U.S. Promises A Reduction of American Forces If North Korea Denuclearizes

kpride, Oct. 24, 2014, 11:29 a.m.

United States Secretary of State John Kerry recently announced that America would be willing to reduce the number of troops on the Korean Peninsula if North Korea denuclearizes.  Speaking in Berlin, Kerry told reporters, "We've said from day one that if North Korea wants to rejoin the community of nations, it knows how to do it. It can come to the talks prepared to discuss denuclearization." 

"The United States is fully prepared -- if they do that and begin that process, we are prepared to begin the process of reducing the need for American force and presence in the region because the threat itself would then be reduced," he added.

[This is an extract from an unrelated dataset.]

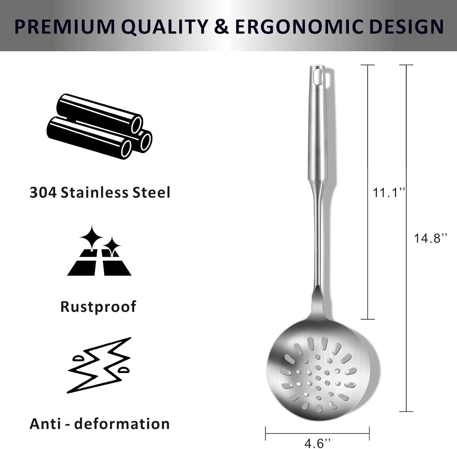 - HIGH QUALITY SAFE MATERIAL - The Turner and the handle of the slotted spoon is made by integral forming of 304 stainless steel, more durable and safe. It is rustproof, durable and will last long. No longer to worry about loose handles.
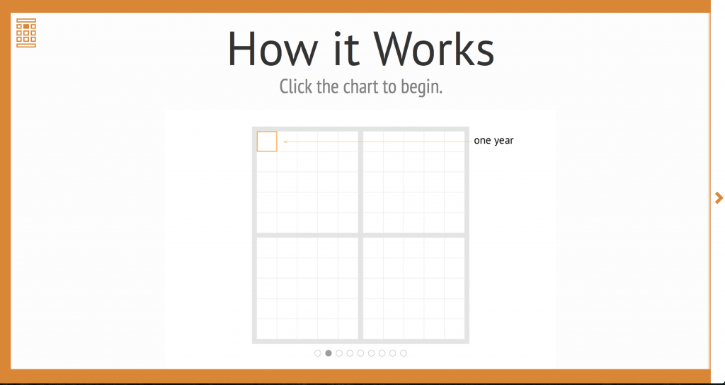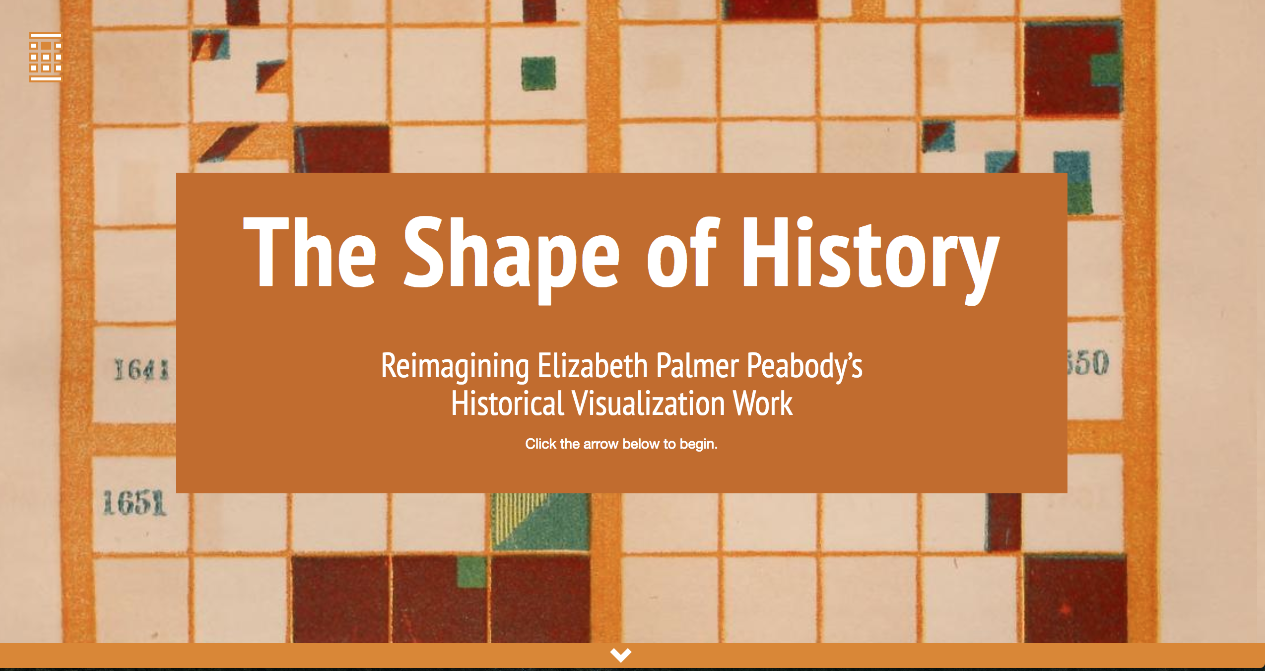 I chose to reverse engineer a digital humanities project called The Shape of History: Reimagining Elizabeth Palmer Peabody’s Historical Visualization Work. This project was created to visualize and make sense of data collected by Elizabeth Palmer Peabody and turned into grid chard to show the shape of history to the world. Her desire was to appeal to the mind’s eye so that people could understand history in a different way. This project placed events in different squares, creating a grid chart and each square contains different information about events and the countries where they occurred. It is very easy to navigate through the interactive project, and one of the squares gives you a small tutorial and “how it works”.The information and data were gathered from online databases, readings on Peabody and the data she gathered, and open source libraries like D3.js, jQuery, and two.js to provide this project with its sources. This project was created with HTML5, CSS, and Javascript. You can easily navigate through the project by scrolling, clicking on the arrows or simply clicking on the main map to the top-left side of the website and choosing the square you’d like to navigate to. It’s very interactive and some parts allow you to type out and create a box chart.

There is speculation about secret talks between Washington and Pyongyang, especially given the abrupt release of Jeffrey Fowle, one of three Americans detained in the North.  Foreign Ministry spokesman Roh Kwang-il here struggled to downplay the issue. Roh said Kerry "made the remarks to urge the North to implement denuclearization in a substantive way. As far as I know there is no discussion at present about whether to cut the size of the USFK or maintain its current size." 

He added that the two countries agreed in 2008 to maintain the size of the USFK at the current level of 28,500 troops. "And this has been reaffirmed continuously through the annual Seoul-Washington Security Consultative Meeting."   Roh ventured that Kerry "may have meant that this is an issue that can be discussed when the North is denuclearized." 

On a visit to Washington, Foreign Minister Yun Byung-se tried a similar line. "The reduction of the USFK will be discussed in the distant future when the denuclearization is realized," he said.  "Despite Pyongyang's release of Fowle, it's too soon to conclude that there's been a sea change in the attitude of the North. And U.S. officials also maintain that there's no change in the U.S. policy," he claimed. 

Washington also tried to play down Kerry's remarks. State Department deputy spokeswoman Marie Harf said, "He was restating our long-standing policy that we are focused on denuclearization of the peninsula, and obviously... over the long term, this is part of the discussion... But he was not, in any way, going beyond what we've said for a very long time about what has the potential to happen here."